During dinner, Kurz, who also serves as general manager for Team Israel, told the group of about 70 supporters that the WBC is an important step in advancing baseball in Israel. “It would strengthen awareness and popularity of the game, which is still foreign to Israelis; it would offer global coverage and positive press for Israel; and it would build bridges between Jewish-American fans and Israelis,” he said.
Organizers for the event were hoping to raise $400,000 to cover travel and training expense for the team, which will consist of 28 players. A similar event was held in Chicago on July 25.

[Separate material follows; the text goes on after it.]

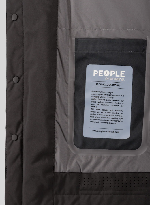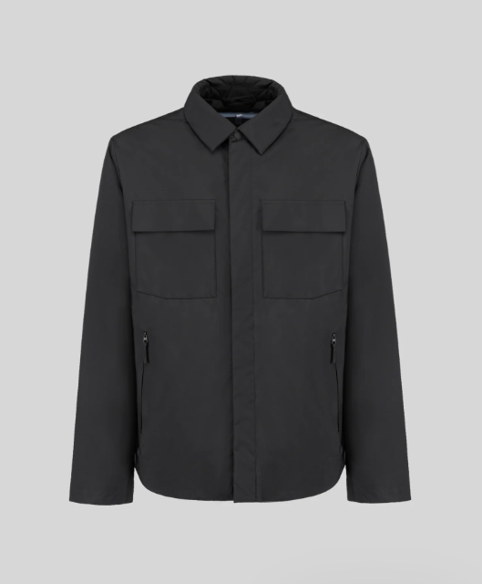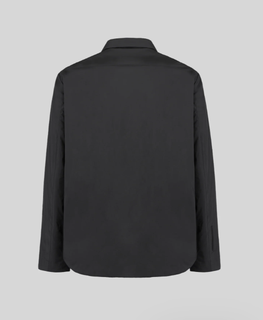 People of shibuya Over shirt in tessuto tecnico nero Descrizione Camicia in tessuto tecnico con isolante termico interno “FELLEX” 100% riciclato. Chiusura con bottoni a pressione nascosti. Primo bottone alto a pressione personalizzato effetto gomma. Tasche anteriori basse tagliate al laser con zip. Tasche anteriori superiori a pattina con bottone a pressione nascosto. Tasca interna portadocumenti e portacellulare termonastrata. Badge brand su manica sinistra. Etichetta in gomma sulla manica destra con coordinate geografiche relative allo Shibuya Crossing. Composizione: 100% poliestere.

Former Mets favorite Art Shamsky — who managed the Modi’in Miracle franchise in the IBL — encouraged the audience to give generously. The international competition offered “a wonderful opportunity for Israel to get involved in baseball, [and] it will be a wonderful experience for you to say you were a part of it,” Shamsky said.
Ausmus, who will serve as field manager, sent a video message thanking the group for its support and comparing the legends of baseball — Ruth, Mays, and Koufax — with those of the Torah — Abraham, Isaac, and Jacob.
Israeli singer David Broza provided entertainment, including a Hebrew rendition of “Take Me Out to the Ball Game.”